:: MATERIAL FOR THE TASK ::
+-------+
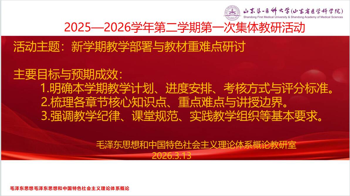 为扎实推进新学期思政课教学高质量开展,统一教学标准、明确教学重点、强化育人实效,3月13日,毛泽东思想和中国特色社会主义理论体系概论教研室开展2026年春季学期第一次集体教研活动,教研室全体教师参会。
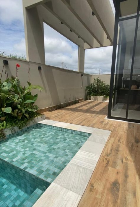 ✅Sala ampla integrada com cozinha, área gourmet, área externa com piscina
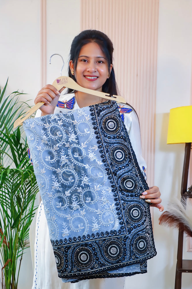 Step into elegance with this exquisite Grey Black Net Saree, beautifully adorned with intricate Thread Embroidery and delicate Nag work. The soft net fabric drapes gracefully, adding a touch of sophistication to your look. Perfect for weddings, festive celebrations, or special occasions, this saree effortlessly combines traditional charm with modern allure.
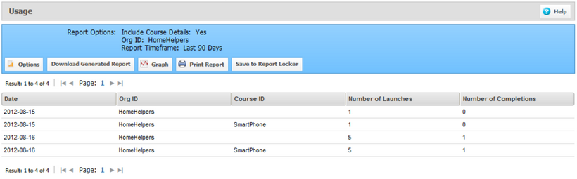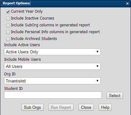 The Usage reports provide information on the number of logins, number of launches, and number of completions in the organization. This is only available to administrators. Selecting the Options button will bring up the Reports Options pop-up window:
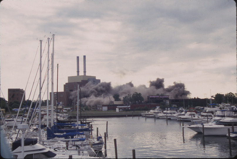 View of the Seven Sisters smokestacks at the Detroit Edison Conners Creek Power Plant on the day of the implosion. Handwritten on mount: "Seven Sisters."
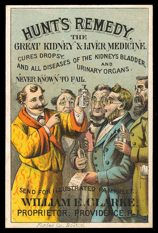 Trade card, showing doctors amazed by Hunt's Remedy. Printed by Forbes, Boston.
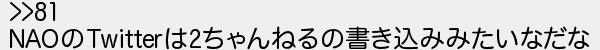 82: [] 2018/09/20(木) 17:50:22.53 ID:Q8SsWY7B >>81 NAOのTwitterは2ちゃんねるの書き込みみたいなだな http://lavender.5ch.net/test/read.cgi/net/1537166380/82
+-------+
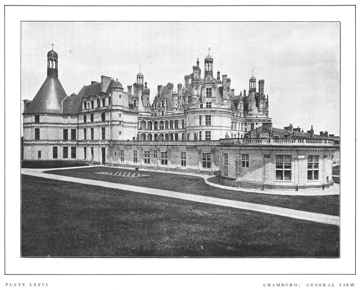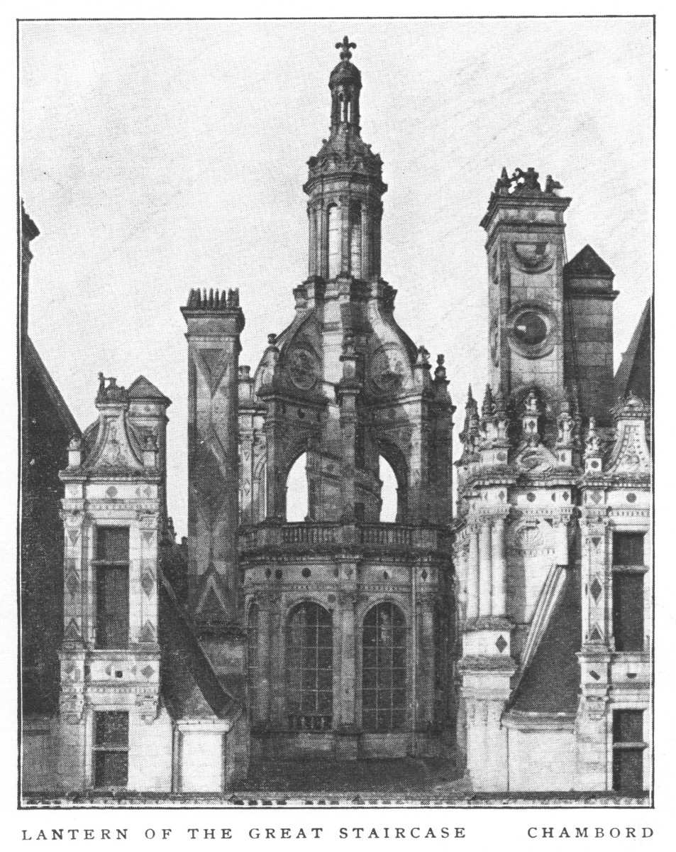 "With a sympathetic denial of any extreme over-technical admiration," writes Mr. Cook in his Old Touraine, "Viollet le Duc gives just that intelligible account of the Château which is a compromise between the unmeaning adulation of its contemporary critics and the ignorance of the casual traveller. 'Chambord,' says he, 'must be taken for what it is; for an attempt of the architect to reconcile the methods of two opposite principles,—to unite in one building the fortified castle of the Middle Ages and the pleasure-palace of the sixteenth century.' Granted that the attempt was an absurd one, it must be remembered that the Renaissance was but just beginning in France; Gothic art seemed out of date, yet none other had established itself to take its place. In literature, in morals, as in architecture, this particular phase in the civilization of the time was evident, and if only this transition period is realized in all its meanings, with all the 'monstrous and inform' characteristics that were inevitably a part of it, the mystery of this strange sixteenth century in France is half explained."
+-------+
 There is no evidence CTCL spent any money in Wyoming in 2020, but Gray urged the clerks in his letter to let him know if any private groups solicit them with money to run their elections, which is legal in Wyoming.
+-------+
:: WHAT IS BEING ASKED ::
Using the data above, which lines fall from the one with "View of the" through the one with "82: [] 2018/09/20(木)"? Repeat them exactly, ends included, minus any pictures.

:: THE COMPLETED TASK ::
 View of the Seven Sisters smokestacks at the Detroit Edison Conners Creek Power Plant on the day of the implosion. Handwritten on mount: "Seven Sisters."
 Trade card, showing doctors amazed by Hunt's Remedy. Printed by Forbes, Boston.
 82: [] 2018/09/20(木) 17:50:22.53 ID:Q8SsWY7B >>81 NAOのTwitterは2ちゃんねるの書き込みみたいなだな http://lavender.5ch.net/test/read.cgi/net/1537166380/82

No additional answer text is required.